Top of EXERCISE DATA

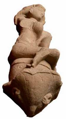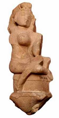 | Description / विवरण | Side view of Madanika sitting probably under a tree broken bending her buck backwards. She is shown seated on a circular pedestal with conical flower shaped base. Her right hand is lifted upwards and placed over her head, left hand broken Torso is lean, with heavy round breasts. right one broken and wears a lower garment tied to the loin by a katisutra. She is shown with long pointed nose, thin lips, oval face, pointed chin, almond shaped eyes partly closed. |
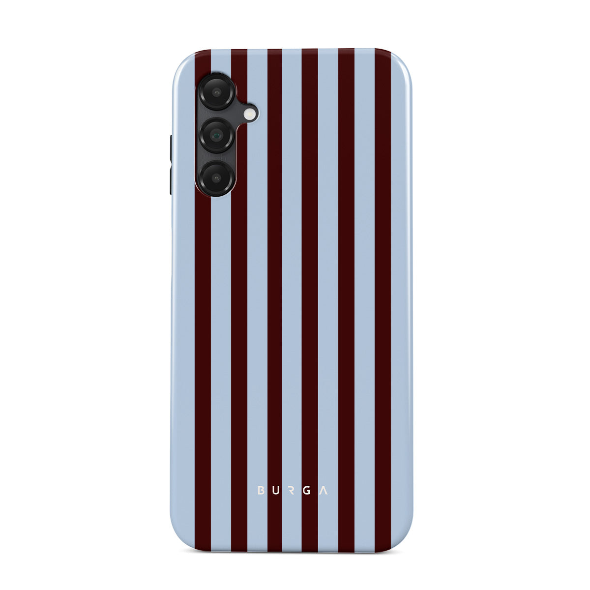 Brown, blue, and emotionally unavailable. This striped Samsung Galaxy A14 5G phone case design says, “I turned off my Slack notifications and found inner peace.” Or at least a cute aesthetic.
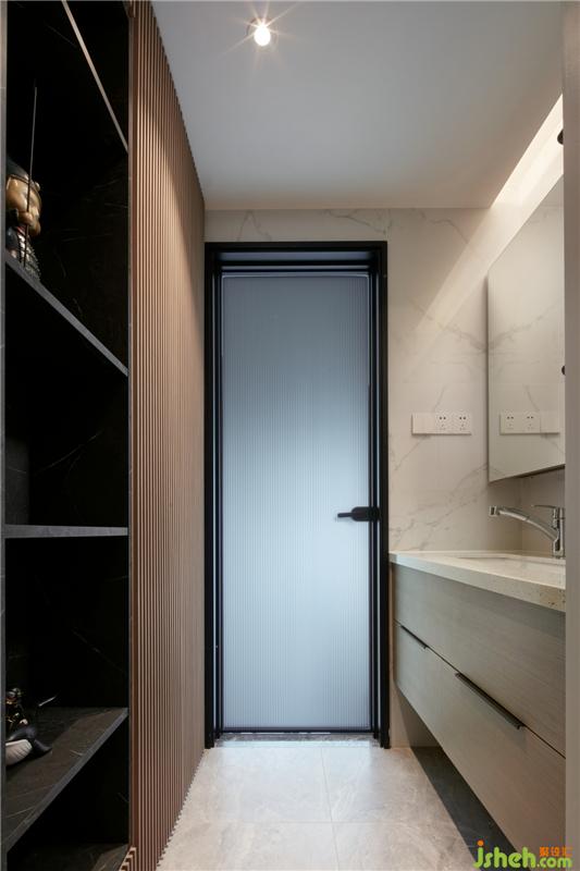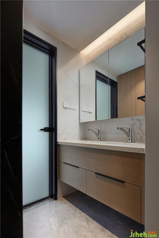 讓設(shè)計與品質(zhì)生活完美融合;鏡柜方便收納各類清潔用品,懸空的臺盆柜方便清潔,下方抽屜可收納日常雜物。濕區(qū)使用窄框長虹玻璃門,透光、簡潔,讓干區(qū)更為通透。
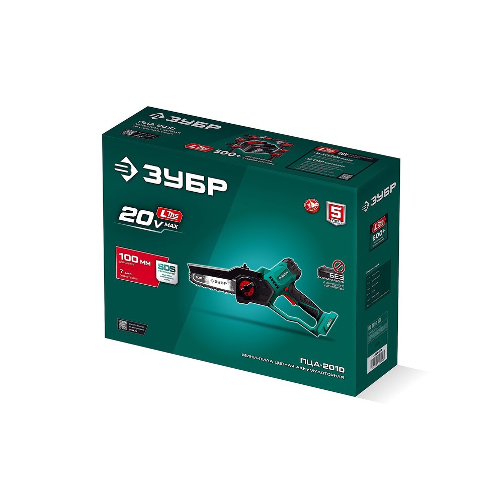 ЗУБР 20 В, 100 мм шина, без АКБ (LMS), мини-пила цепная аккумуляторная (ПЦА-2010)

Bottom of EXERCISE DATA

» TASK INSTRUCTIONS: All that the answer may contain is the exact text of the lines from the one with "Brown, blue, and" through the last line of the material, pictures excluded.

» YOUR SOLUTION:
 Brown, blue, and emotionally unavailable. This striped Samsung Galaxy A14 5G phone case design says, “I turned off my Slack notifications and found inner peace.” Or at least a cute aesthetic.
 讓設(shè)計與品質(zhì)生活完美融合;鏡柜方便收納各類清潔用品,懸空的臺盆柜方便清潔,下方抽屜可收納日常雜物。濕區(qū)使用窄框長虹玻璃門,透光、簡潔,讓干區(qū)更為通透。
 ЗУБР 20 В, 100 мм шина, без АКБ (LMS), мини-пила цепная аккумуляторная (ПЦА-2010)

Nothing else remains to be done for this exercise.